**Exercise**. Write out exactly, excluding pictures, the lines from the one containing "위 이미지처럼 연결을" through the end of the data, both included.

**Provided material**.

++++++++

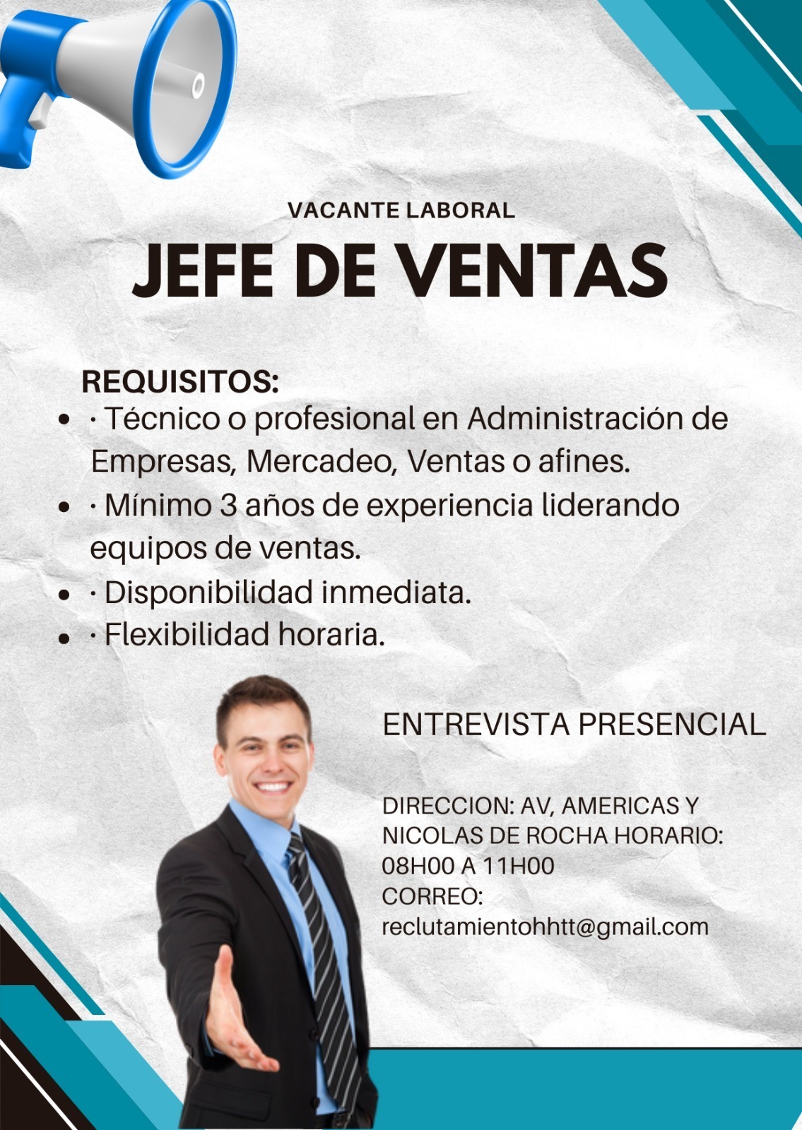 Trabajo para Jefe de ventas
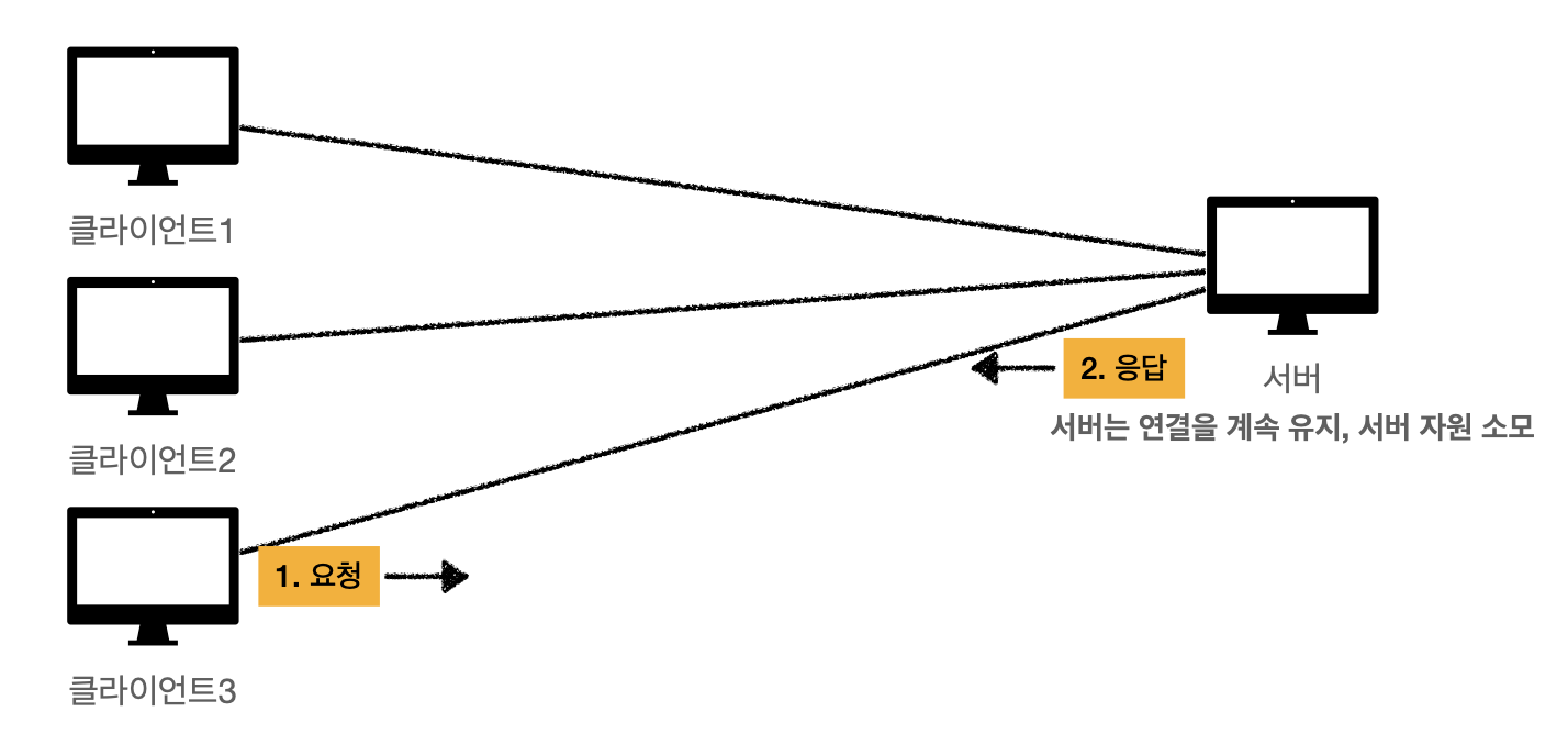 위 이미지처럼 연결을 유지하는 모델은 각 클라이언트별로 모든 논리적 연결로를 확립해둔다.
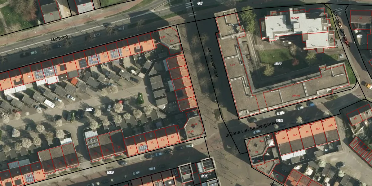 Dr. Poelsstraat 12 is gelegen op kadastraal perceel SBG01E2317. Deze kadastrale aanduiding is uniek en wordt gebruikt door het Kadaster om eigendomsrechten en andere zakelijke rechten vast te leggen. Het perceel maakt onderdeel uit van de kadastrale gemeente Schaesberg.
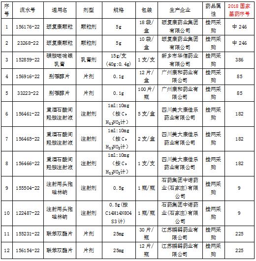 根据省卫生健康委员会《关于对2018年版国家基本药物序号标识有关事项的函》,现对药品交易和招标系统部分药品目录予以相应国家基本药物序号标识(见下表),请相关医疗机构及时调整采购数据信息。

++++++++

**Reply**.
 위 이미지처럼 연결을 유지하는 모델은 각 클라이언트별로 모든 논리적 연결로를 확립해둔다.
 Dr. Poelsstraat 12 is gelegen op kadastraal perceel SBG01E2317. Deze kadastrale aanduiding is uniek en wordt gebruikt door het Kadaster om eigendomsrechten en andere zakelijke rechten vast te leggen. Het perceel maakt onderdeel uit van de kadastrale gemeente Schaesberg.
 根据省卫生健康委员会《关于对2018年版国家基本药物序号标识有关事项的函》,现对药品交易和招标系统部分药品目录予以相应国家基本药物序号标识(见下表),请相关医疗机构及时调整采购数据信息。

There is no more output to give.